東川登町袴野 南 権平さん(明31生)
師走味噌は、どういうわけで搗くことなんかということを、
この由来のあっけんなたあ。
一年前になたあ、六部さんと言うとが
行きん去ったらしかたんたあ。
そいぎぃ、そけで嫁さんが、子ば守い方で、あの、
庭んところで臼で、あの、味噌ば搗きんさったちゅう話。
そいぎ今度あ、あの、あの、六部さんが見よんさったところが、
その、味噌ばその、このなで杵でちょすっとすんもんじゃいけん、
ホッともう、一かけら飛うだちゅうもんなたあ。
そいぎ今度あ、
「あら、味噌の出たてぇろう」て握って、
その味噌ん中ゃあ入れらしたちゅうもんなた。
そいぎその、小かほそろが根つうにおってその、
糞までしとったですもんなたあ。
そいぎぃ、そいまでその、入れらしたていう話たんたあ。
その味噌ん中ゃあ。そいぎ今度あ、
「それゃ糞じゃったばい」ちては、
もう言われたもんじゃい、ようーしとらしたわけ。
そいぎちょうど、回いぎゃ来て、その、師走にそけぇその、
泊まらんばごとなったちゅうもんなたあ。
そいぎぃ、去年の師走にこけぇ来たいば、あの、味噌搗きのあってぇ。
その味噌どまなかろうかにゃあと思うて。
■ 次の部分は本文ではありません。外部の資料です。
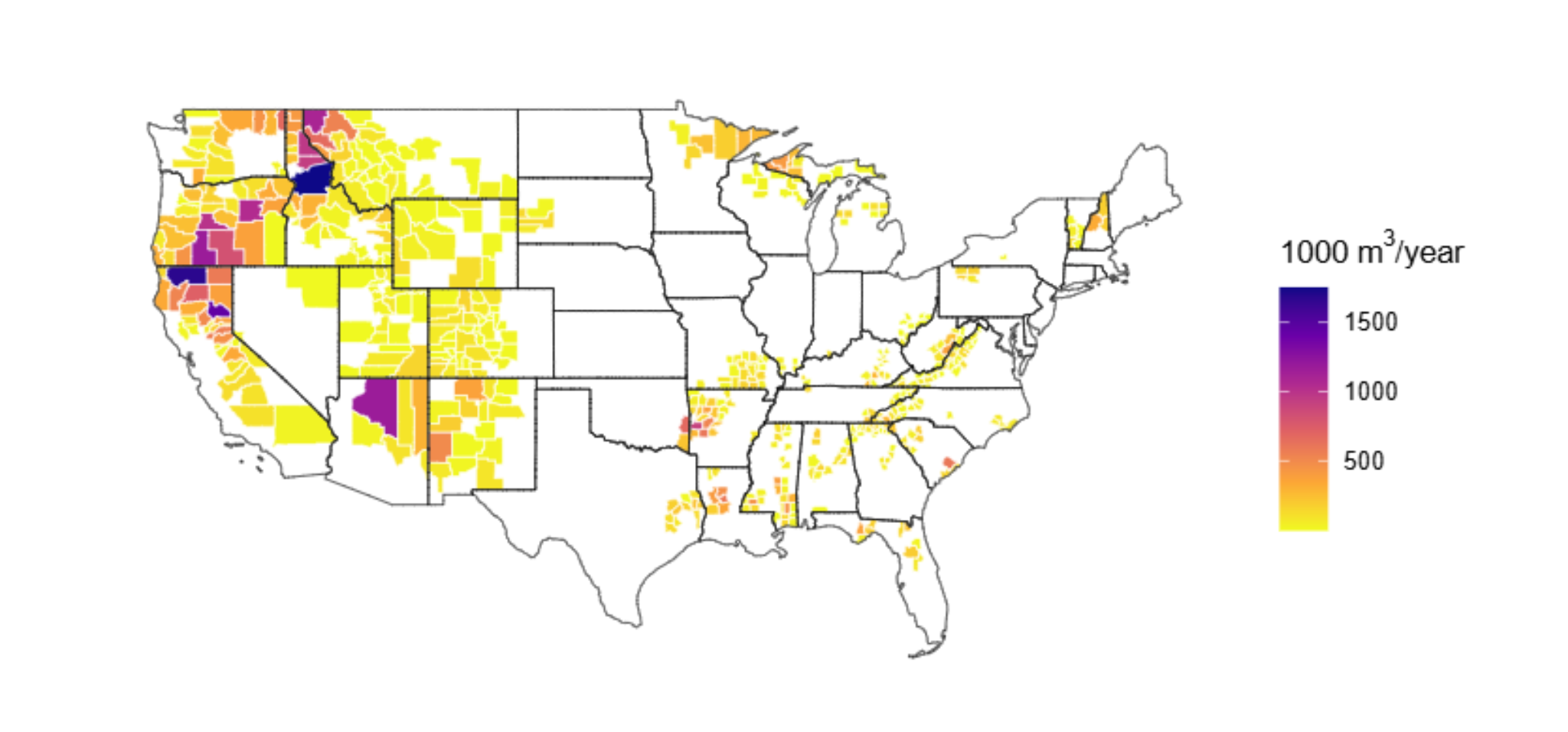 Figure 1 maps the annual harvestable volume from federal lands, by county. To contextualize this, in 2024, the Forest Service reported that approximately 6.8 Mm³ were harvested and sold from federal forests.
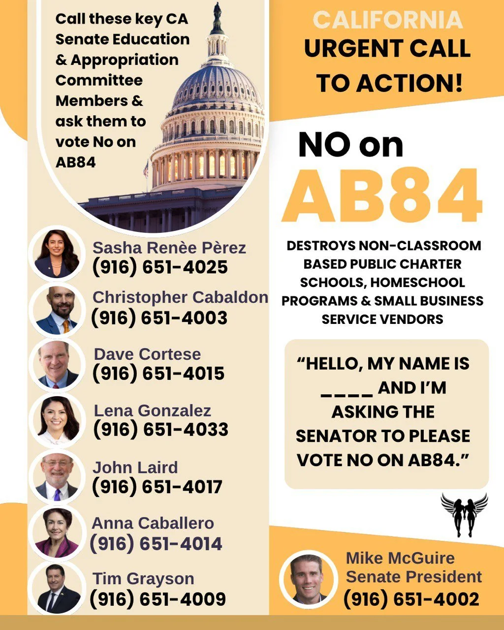 CALL THESE KEY CA SENATORS TO OPPOSE AB84
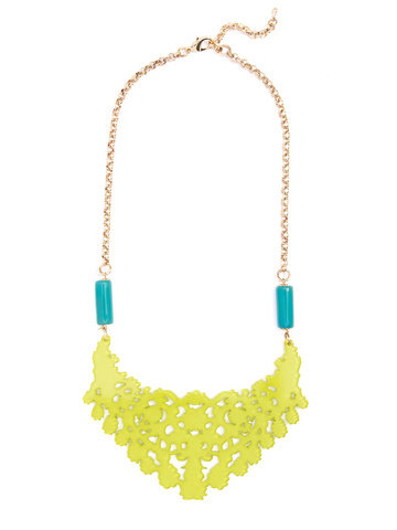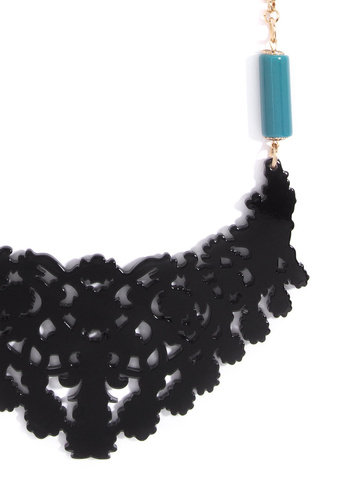 Classic lace takes a twist with this laser cut resin bib necklace in a variety of colors.
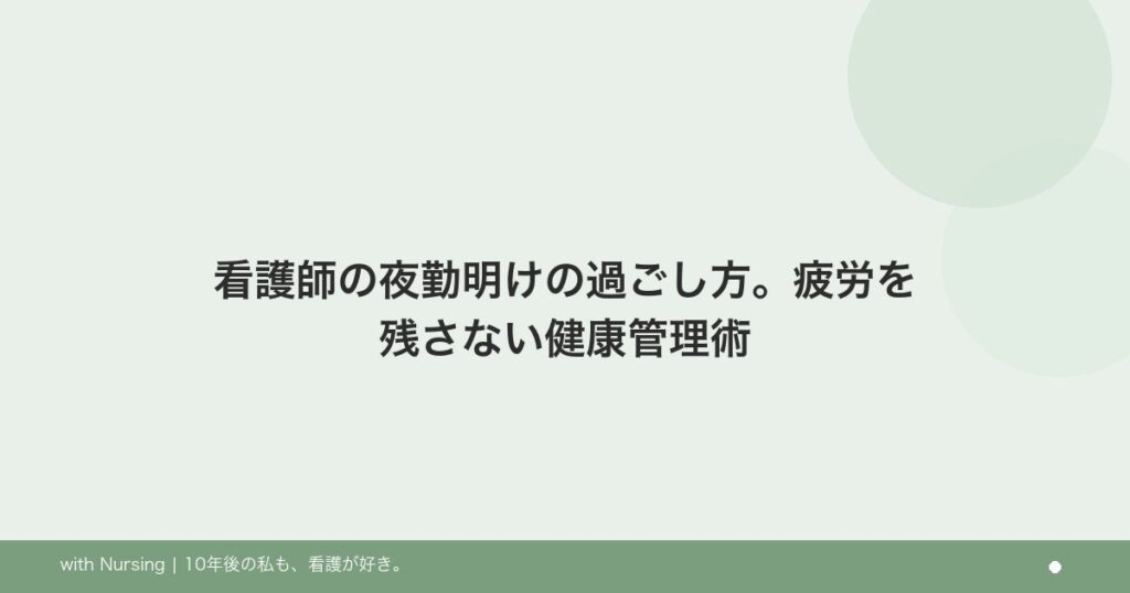 夜勤明けの看護師向けに、睡眠・食事・生活リズムの整え方を解説。疲労を蓄積させない具体的な過ごし方を紹介します。 -

そいぎぃ、
「この味噌は何時搗いたとでござんしゅうか」て言わしたてぇ。
「去年の師走、こりゃあ搗いた」て言うたてぇ。
そいぎぃ、俺が来た時、糞ば入れて搗いたとばいにゃあと思うて、
「私ゃ師走味噌いっちょうは、昔から食べんようしておりますけん、
折角のお汁いっちょしいはえません」て、ほんに言うたて話のあっ。